5 citations recorded*CCLD

What does Type A vs Type B mean?

Type A. Serious citation. Imminent or substantial risk to children. The regulator requires corrective action immediately and may impose a civil penalty.

Type B. Lower-severity citation. Corrective action required, no imminent risk. The regulator monitors compliance on the next visit.

  • 1569.618(c)(3)Type A

    Per record review, three out of four staff/caregivers lack current First Aid; Three out of four staff lack current CPR certification the licensee did not comply with the section cited above in [3] out of (4] which poses an immediate health, safety or personal rights risk to persons in care.

  • 1569.625(b)(2)Type B

    Per record reviews, Three out of Four staff lack required annual training, the licensee did not comply with the section cited above in [3] out of [4] staff] which poses/posed a potential health, safety or personal rights risk to persons in care.

  • 87202(a)Type A

    Per file review and observations by the LPA, facility is fire cleared for four ambulatory, and two(2) non-ambulatory only.
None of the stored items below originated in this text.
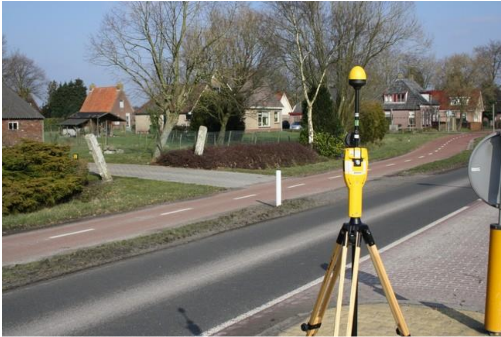
Foto 2: Opstelpunt selectieve meting openbare weg Hoofdweg thv. nr. 82 te Nijensleek.

De selectieve veldsterktemeting is op dezelfde locatie en op hetzelfde moment uitgevoerd als de breedbandige meting.
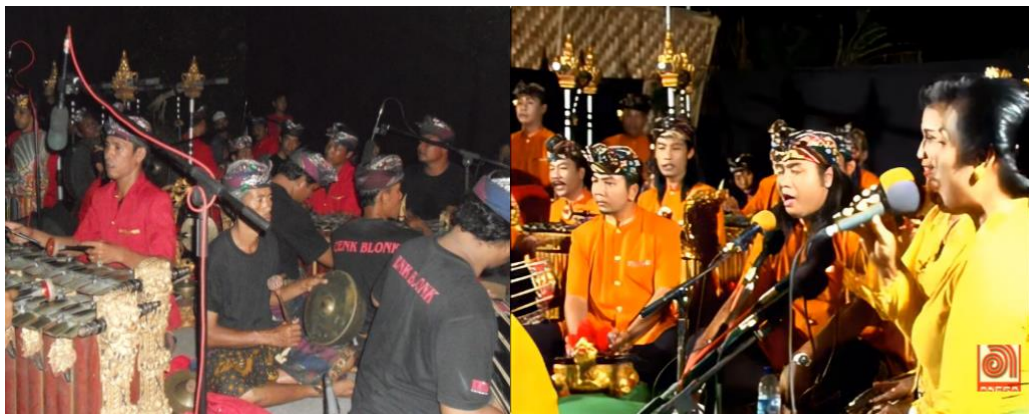
Gambar 5. 13 Penabuh dan Gerong Wayang Cenk Blonk

Untuk mengetahui tabuh iringan pertunjukan wayang kulit Cenk Blonk bergaya populer, lihatlah gambar berikut ini.
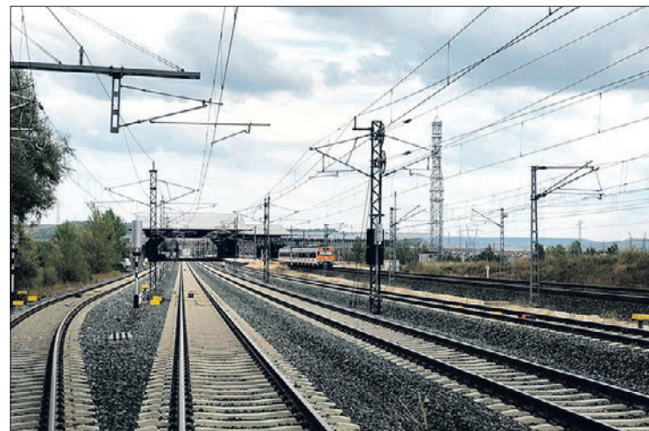
Pasarán aún meses hasta que el primer AVE llegue a la estación de Burgos.

Ante esta situación, dijo, el PP en el Senado ha canalizado dos líneas de trabajo. Por una parte, ha registrado una batería "importante" de preguntas para conocer la realidad de la alta velocidad de cara a los próximos meses. Con ellas se espera dar respuesta a cuándo llegará
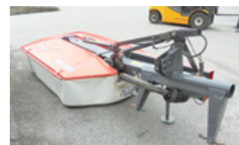
PZ PZ 190 Mähwerk mit Gelenkwelle EUR 3.500
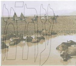
סינר: עסק החולה על רקע הרמון, 1627. השפלה: למסוס בגינת החולה, 1946. גילום: זולמן קלמן, אופק ההגותים הלואמי

ויאמרו לו, למה לא ינאסם החודים כמסינרם לבקש ליהודי ארד שנהרג נאו וח נאו, כפי זה יא כי החודים ויאמר להם חסן המכה, חוקי היה המעה ולמה הרמחו
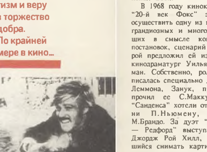
«звезда», одна из которых уже давно «сизала», а другая еще не думала «зажигаться».
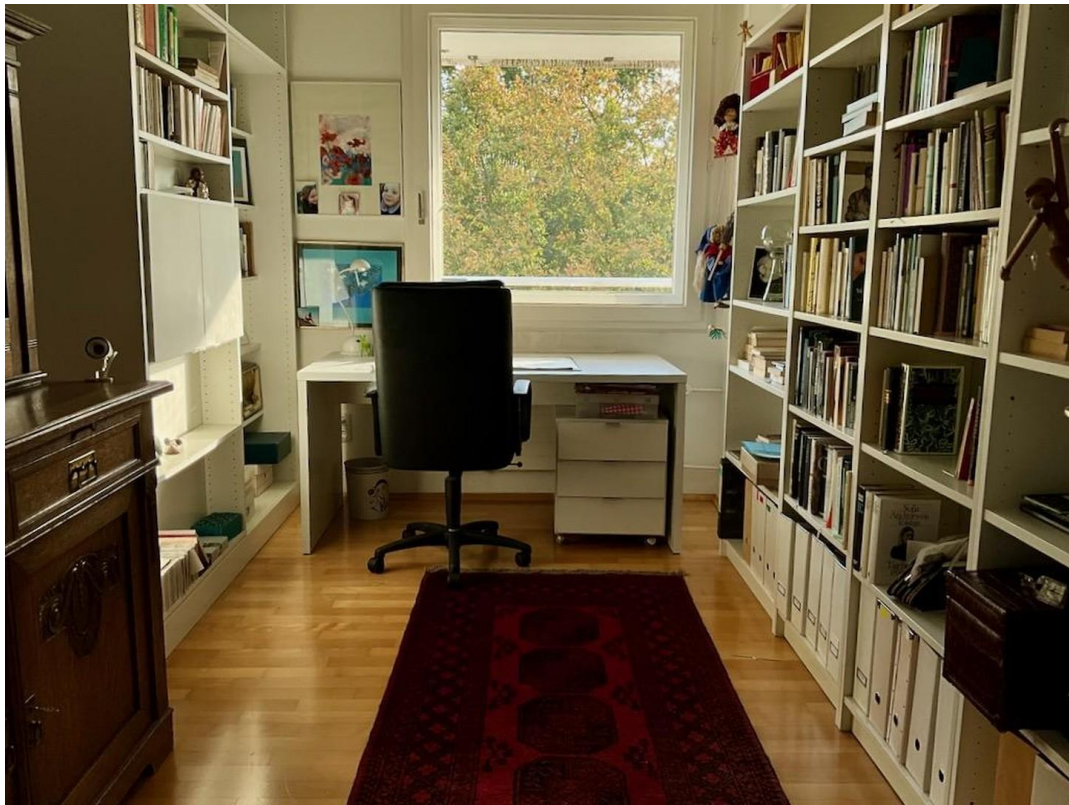
gr. Whg Arbeitszimmer 1
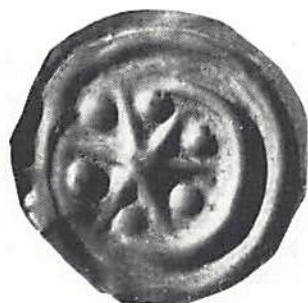
Fig 1. Skala 3x1.

Den svenska myntserien är endast delvis grundligt genomforskad, liksom många andra områden inom numismatiken. Ett ständigt arbete pågår emellertid för att täppa till de luckor som finns. Sålunda är t ex avdelningen Sturetiden i projektet Sveriges Mynthistoria nu i slutfasen. Kartläggningen av vikingatidens mynt har pågått länge och inom nyare tidens serier forskas i plåtmyntningen och i Karl XI:s mynt, för att nämna några exempel. Under det fortsatta forskningsarbetet kommer säkerligen nya viktiga upptäckter att göras i form av helt nya typer, årtal och varianter.
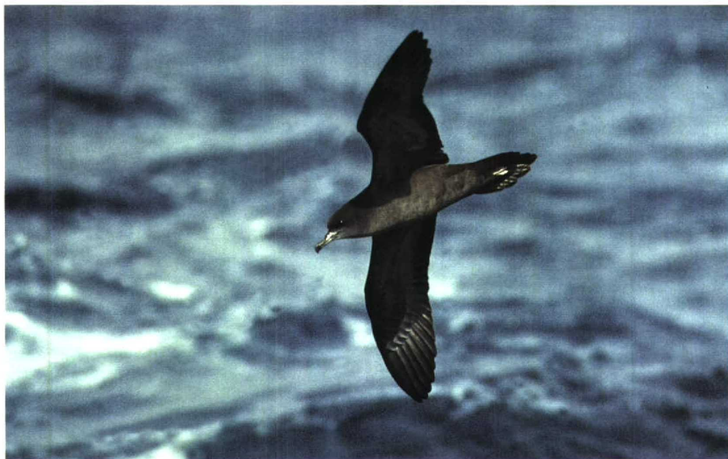
243 Wedge-tailed Shearwater / Wigstaartpijlstormvogel Puffinus pacificus , off Wollongong, New South Wales, Australia, 23 October 1994

Licensee has a two additional non-ambulatory residents, and a bedridden resident admitted into the facility, which is out of compliance with the approved fire clearance, the licensee did not comply with the section cited above in [3] out of 3] admitted residents] which poses an immediate health, safety or personal rights risk to persons in care.

  • 87303(a)Type B

    LPA observed that two resident rooms with very dirty carpet, one room is on the upstairs level, and the other is on the downstairs level, the licensee did not comply with the section cited above in [count] out of [total count] [(objects) (persons)] [identifiers] which poses/posed a potential health, safety or personal rights risk to persons in care.

  • 87625(b)(3)Type B

    LPA observed a resident room to have a strong urine odor as soon as the resident's door was opened, the licensee did not comply with the section cited above in [1] out of [3] resident rooms] which poses/posed a potential health, safety or personal rights risk to persons in care.

FAQ · About this visit

Common questions about this visit

What happened during the September 18, 2023 inspection of LINDA FALLS GUEST HOME 1?
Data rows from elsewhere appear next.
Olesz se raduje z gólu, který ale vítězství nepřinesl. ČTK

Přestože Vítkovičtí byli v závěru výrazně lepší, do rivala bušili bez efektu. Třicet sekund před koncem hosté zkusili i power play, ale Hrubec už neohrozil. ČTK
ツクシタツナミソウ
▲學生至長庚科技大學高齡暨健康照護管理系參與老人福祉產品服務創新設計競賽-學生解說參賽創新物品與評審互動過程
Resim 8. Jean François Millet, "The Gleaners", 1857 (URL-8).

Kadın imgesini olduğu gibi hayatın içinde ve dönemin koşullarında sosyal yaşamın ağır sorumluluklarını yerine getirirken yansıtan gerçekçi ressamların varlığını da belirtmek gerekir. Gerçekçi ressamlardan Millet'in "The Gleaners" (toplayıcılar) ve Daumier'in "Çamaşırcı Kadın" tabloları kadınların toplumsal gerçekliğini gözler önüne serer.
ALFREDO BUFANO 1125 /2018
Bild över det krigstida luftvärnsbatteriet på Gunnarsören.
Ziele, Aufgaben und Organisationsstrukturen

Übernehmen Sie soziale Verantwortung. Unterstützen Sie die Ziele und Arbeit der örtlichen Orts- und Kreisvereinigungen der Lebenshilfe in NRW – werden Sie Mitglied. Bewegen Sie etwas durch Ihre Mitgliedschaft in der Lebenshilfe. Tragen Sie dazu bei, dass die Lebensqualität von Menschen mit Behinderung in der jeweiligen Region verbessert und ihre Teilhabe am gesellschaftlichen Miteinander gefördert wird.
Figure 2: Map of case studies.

This was a inspection inspection of LINDA FALLS GUEST HOME 1 on September 18, 2023. 5 citations were issued: 2 Type A (serious) and 3 Type B.
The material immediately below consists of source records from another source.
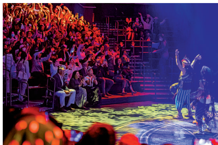
迪士尼樂園與李嘉誠基金會合作，招待四千名外僑到樂園遊玩。

李嘉誠基金會以往曾邀請外僑參加多次活動，包括在2023年1月邀請2.6萬人，包括服務香港的外僑、疫情期間守護香港的醫護及福利機構，免費乘坐「新春幸運摩天輪」及參與嘉年華攤位遊戲；2022年疫情期間邀請2000名外僑觀看電影；以及在2021年包場邀請4000名外僑到海洋公園新開幕的水上樂園。
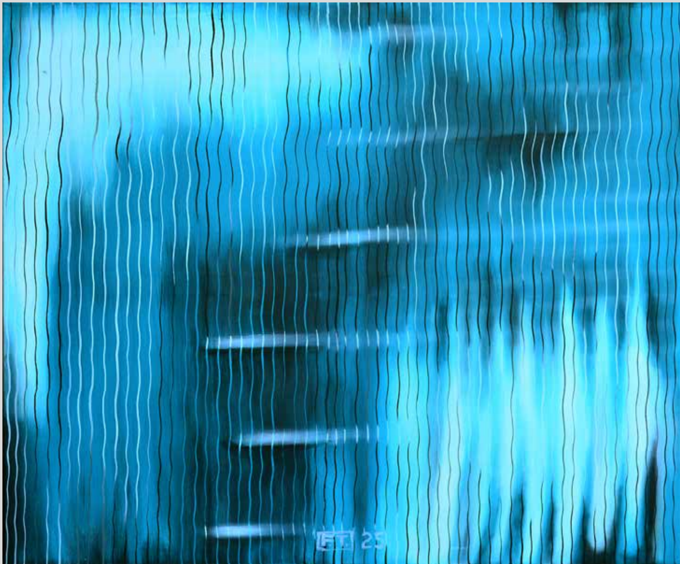
Tajemná zvířata všedních dnů II. 2025, akryl na plátně, 120 x 100
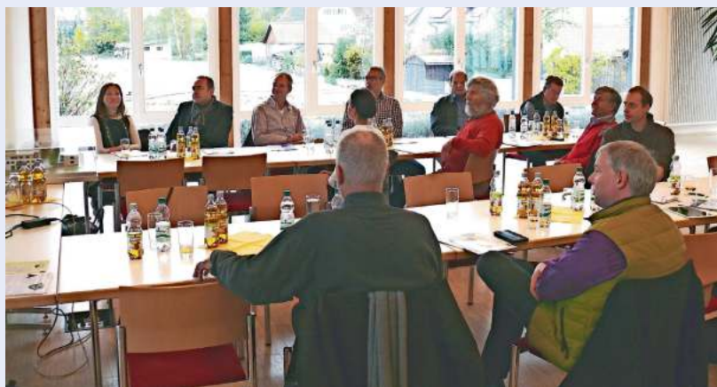
Gespannt lauschen die Teilnehmer der Wohnbustour den Ausführungen zu einem spannenden Projekt.

Die i-3-Community, hinter der die BauWohnberatung Karlsruhe steht, veranstaltet jährlich ein oder zwei sogenannte Wohnbustouren, bei denen alternative Wohnprojekte vorgestellt werden. Dieses Jahr war auch der Wohnpark „Allengerechtes Wohnen“ auf der Besuchsliste.
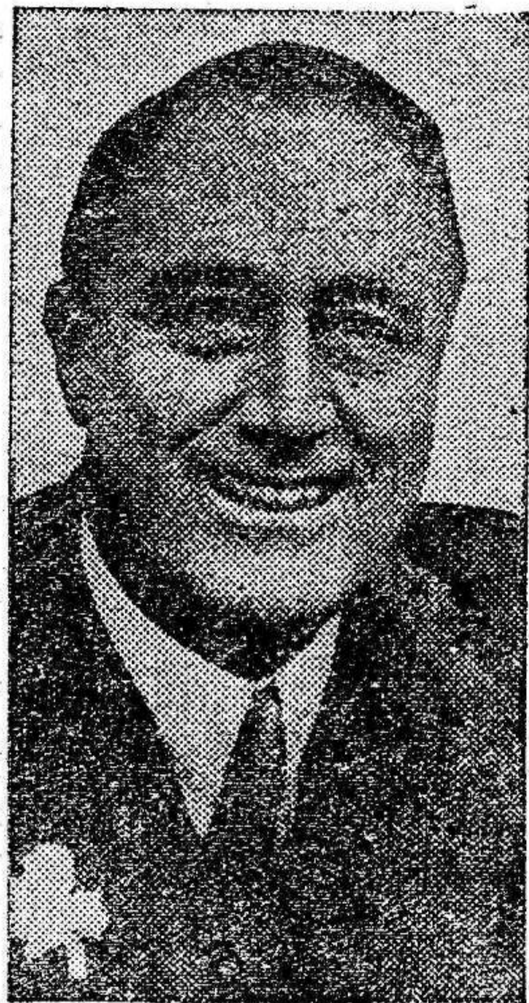
El presidente Roosevelt

Terminó Roosevelt su magnífico discurso declarando: “La guerra es contagiosa, sea declarada o no. Engloba a pueblos y naciones en el teatro de las hostilidades, y aunque nosotros estemos resueltos a apartarnos de ella, no podemos evitar sus desastrosos efectos sin peligro de ser mezclados en la contienda. Debemos adoptar medidas para resol-
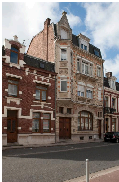
Immeuble construite dans les années 1910 de style éclectique, rue Mathieu-Dumoulin.

Were any citations issued to LINDA FALLS GUEST HOME 1 on September 18, 2023?

Yes, 5 citations were issued (2 Type A, 3 Type B). The first citation was for: "Per record review, three out of four staff/caregivers lack current First Aid; Three out of four staff lack current CPR c..."

What type of inspection was this?

This was a inspection inspection. inspection inspections are conducted by CCLD as part of their licensing oversight.